New Study: 90% Of Recent Warming Is From Shortwave Cloud Forcing…Humans Contributed 0.03°C
By Kenneth Richard on 8. May 2023
Data analysis again reveals the increase in absorbed shortwave forcing has been driving modern climate change since the 1970s. CO2 changes are more of an effect than a cause of temperature increases.
Scientists have for years been pointing to the causality sequencing problem inherent in the claim that CO2 is the driver of temperature changes.
The sequencing observation clearly supports the conclusion that variations in the CO2 growth rate lag changes in temperatures by about 4-10 months (Humlum et al., 2013, Koutsoyiannis and Kundzewicz, 2020, Koutsoyiannis et al., 2022). Effects can only lag – not lead – causes.

Wang et al. (2013) further estimate only 10% of the variance in global CO2 growth rates can be explained by fossil fuel emissions. Instead, there is a “strong and persistent coupling (r² ≈ 0.50) between interannual variations of the CO2 growth rate and tropical land-surface temperature during 1959-2011.”
Image Source: Wang et al., 2013
Building on this temperature→CO2 directional causality, Jyrki Kauppinen and Pekka Malmi (2023), Department of Physics and Astronomy, University of Turku, have used existing CO2 and temperature data to calculate an 83 ppm CO2 increase associated with a 1°C surface temperature increase. The authors suggest this 83 ppm/°C value is consistent with Henry’s Law and CO2 residence time calculations.
Kauppinen and Malmi further assess the warming in recent decades has been predominantly (90%) driven by the increase in absorbed solar radiation due to the downward trend in cloud cover.
The greenhouse effect has contributed just 10% to the warming trend, and the human contribution to the CO2 concentration changes is only a fraction (hundredths of a degree) of that 10% impact – about 0.03°C since 1980.

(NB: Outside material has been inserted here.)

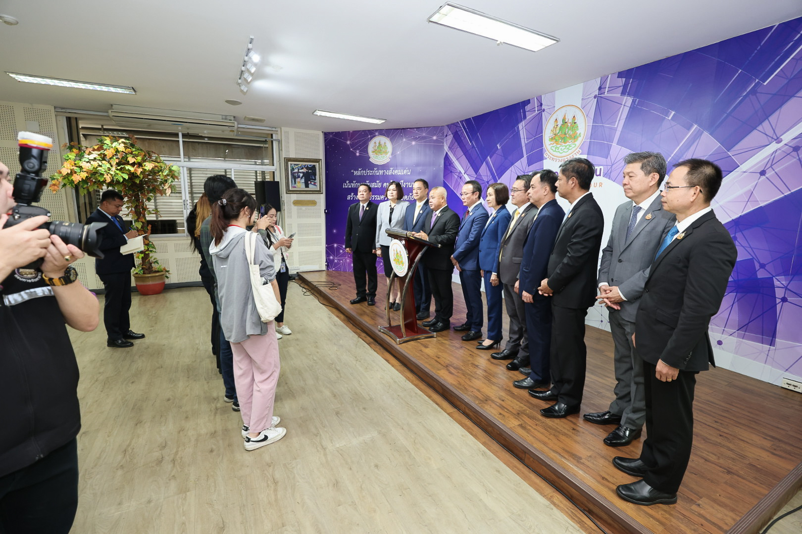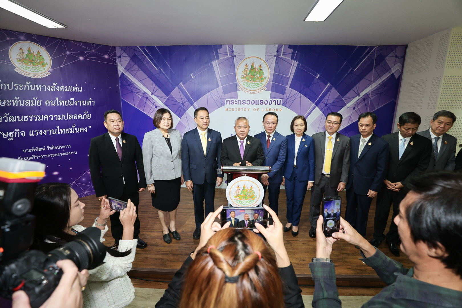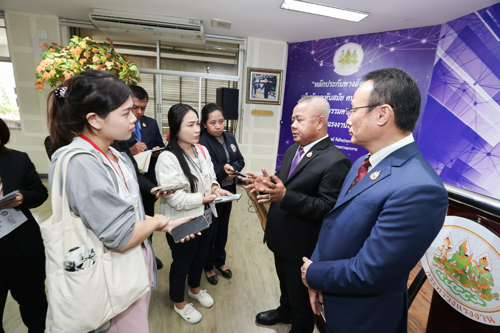 วันที่ 14 พฤศจิกายน 2567 เวลา 12.00 น. นายบุญสงค์ ทัพชัยยุทธ์ ปลัดกระทรวงแรงงาน ให้สัมภาษณ์ ผู้สื่อข่าว มติชน สวท. และหนังสือพิมพ์ไทยรัฐ เกี่ยวกับ “แนวทางการบริหารจัดการการทำงานของคนต่างด้าวตามมติคณะรัฐมนตรีเมื่อวันที่ 24 กันยายน 2567” ณ ห้องแถลงข่าว ชั้น 5 อาคารกระทรวงแรงงาน โดยปลัดกระทรวงแรงงาน ได้เน้นย้ำให้ นายจ้างสถานประกอบการ ที่จ้างแรงงานข้ามชาติที่อายุใบอนุญาตทำงานจะสิ้นสุดในวันที่ 13 กุมภาพันธ์ 2568 ให้ยื่นต่อใบอนุญาตทำงาน ภายในระยะเวลาที่กระทรวงแรงงานกำหนด ซึ่งหลังจากสิ้นสุดระยะเวลาดำเนินการดังกล่าวแล้ว กระทรวงแรงงานจะส่งหน่วยเฉพาะกิจลงพื้นที่ตรวจสอบ ปราบปราม จับกุม ดำเนินคดีแรงงานข้ามชาติที่ลักลอบทำงานผิดกฎหมาย รวมทั้งแรงงานข้ามชาติและนายจ้าง สถานประกอบการ ที่ไม่ปฏิบัติตามกฎหมายอย่างเคร่งครัด

Thus, not only is the “causality used in IPCC reports wrong,” but “the greenhouse effect cannot explain climate change.”
“Since 1970, according to the observations, the changes of the low cloud cover have caused practically the observed temperature changes. The low cloud cover has gradually decreased starting in 1975. The human contribution was about 0.01°C in 1980 and now it is close 0.03°C.”